Installment closed-end credit is another form, where only a specified amount of money is lent to the consumer, typically the total purchase price of the goods. This kind of credit is also used by department stores for the sale of large items and by auto dealers for the sale of automobiles. For example, if you purchase a sofa and chairs at a furniture store, the store might give you credit up to the full amount of the sale, which will be repaid with interest, but the store does not make further credit available to you under that agreement. The full amount of the principal and interest must be paid within a pre-determined time period. In this kind of credit the lender usually retains title to the purchased goods until all the payments have been made. If the purchaser defaults on payments, the seller can repossess the property.

Revolving Open-end Credit

This type of consumer credit is found with most credit cards.
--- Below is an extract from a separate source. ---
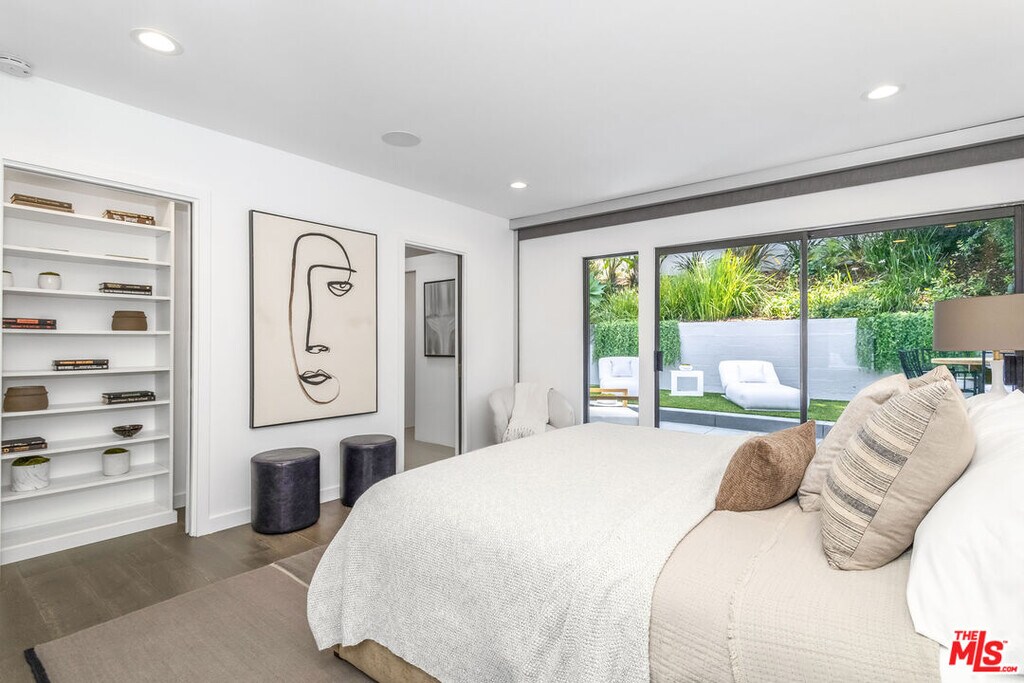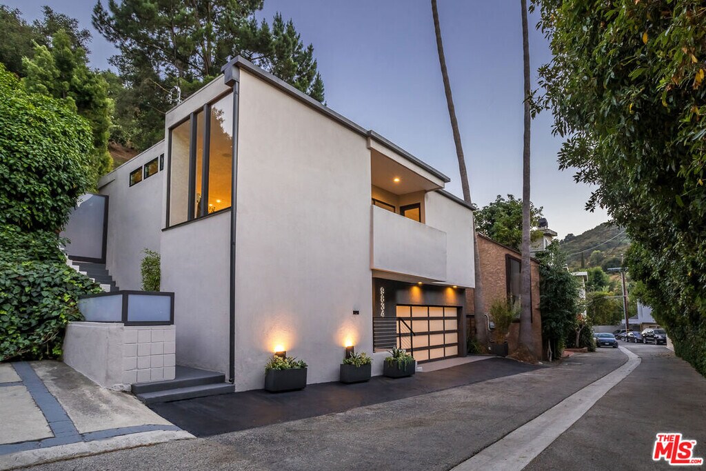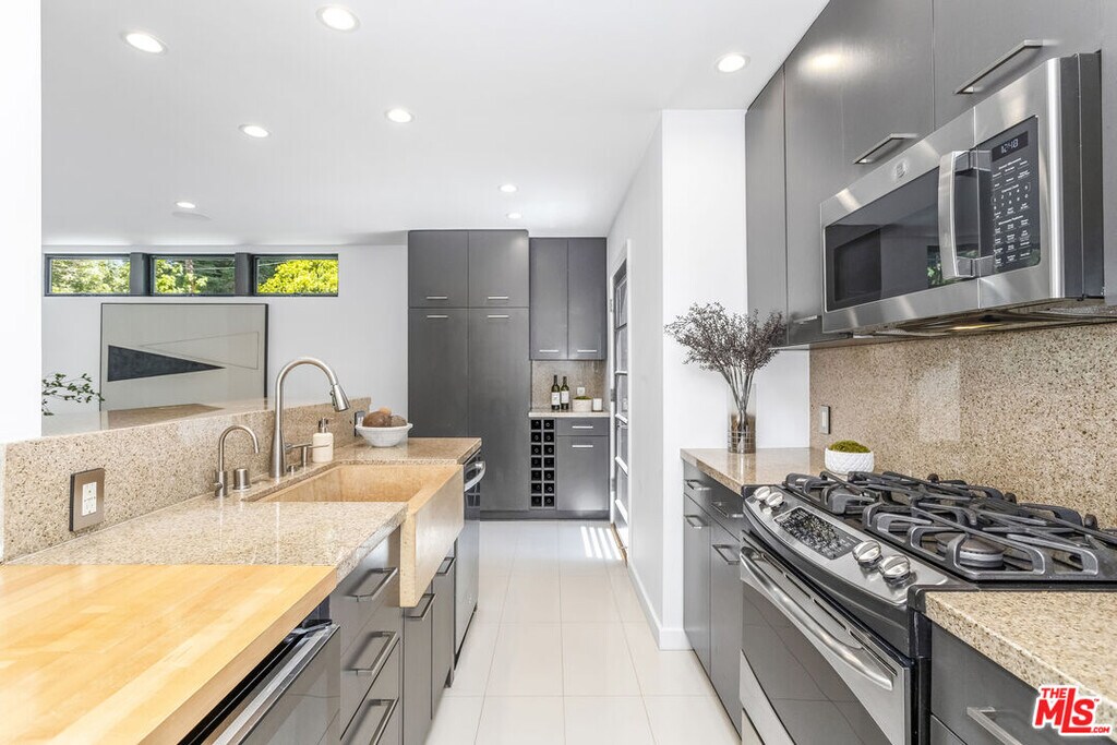 Stunning, sleek, stylish - this dramatic Mid-Century, 4 bed/3 bath home has been renovated throughout with meticulous attention to design and detail; every finish and texture selected for high-end form and function. The seamless indoor-outdoor flow creates inviting spaces for entertaining, while expansive windows maximize the lush, serene outlooks, with abundant natural light throughout. Enter through the dramatic, two-story foyer with terrazzo floors, steel and glass staircase leading to the open living spaces with hand-scraped European oak floors, European cabinetry, and quartz counters. The flexible, open-concept floor plan offers two bedrooms, two baths up, including owner's retreat with lavish-spa-like bath; two bedrooms, 1 bath down, including a custom-appointed guest suite with kitchenette, laundry and separate entrance, perfect for au-pair, in-law, home office or screening room. Generous two-car garage with ample storage has interior access to the home. MLS# 26663877
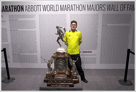 W niektórych miejscach indywidualni kibice częstowali biegaczy słodyczami czy cząstkami pomarańczy. Zbliżam się do centrum, biegnę wolniej, ale nie chcę stanąć. Pod koniec biegu piękny widok na Big Ben, jest już blisko mety, a od ostatnich 800 m oznaczenie jest co 200 m, ile do końca. Mijam pomnik przed Pałacem Buckimgham i wpadam na finiszową The Mall. Uzyskuję czas 3:23:33, mimo wcześniejszych perypetii z lewą łydką i związanymi z tym brakami treningowymi (w ostatnim m-cu przed biegiem wykonałem tylko 20% zaplanowanej mojej normy treningowej), uważam że uzyskałem całkiem przyzwoity czas. Chyba w maratonach z serii WMM biegam jak automat, bo różnice czasowe w moich maratonach między Bostonem, Nowym Jorkiem i Londynem wynoszą tylko 63 sek. Po finiszu medal wręcza mnie piękna młoda blondynka, następnie robię sobie pamiątkowe zdjęcie z medalem (fotograf z serwisu MarathonFoto).

In this kind of credit the lender extends credit for use by the consumer, with an outside limit that depends on the debtor’s credit history and ability to handle the debt repayment. The financial institution gives the debtor a credit card with a credit limit, such as $1,000, $5,000, or $10,000, and the debtor can choose how much of the available credit s/he will use at any given time. The debtor makes periodic (usually monthly) payments, and continues to use the available credit as needed, as long as each periodic payment meets pre-determined minimum amounts.

Revolving open-end credit requires active management by the debtor. The debtor can decide to pay off the entire outstanding debt when the statement is presented, pay off more than the required minimum payment (but not the entire amount), or simply make the minimum required payment. The debtor thus can determine how much credit will be available to him/her at any given time.

Other credit cards, like travel and entertainment accounts with American Express or Diners Club, may have an open ended amount of credit, but the card holder is expected to pay the balance off each time period, usually each month.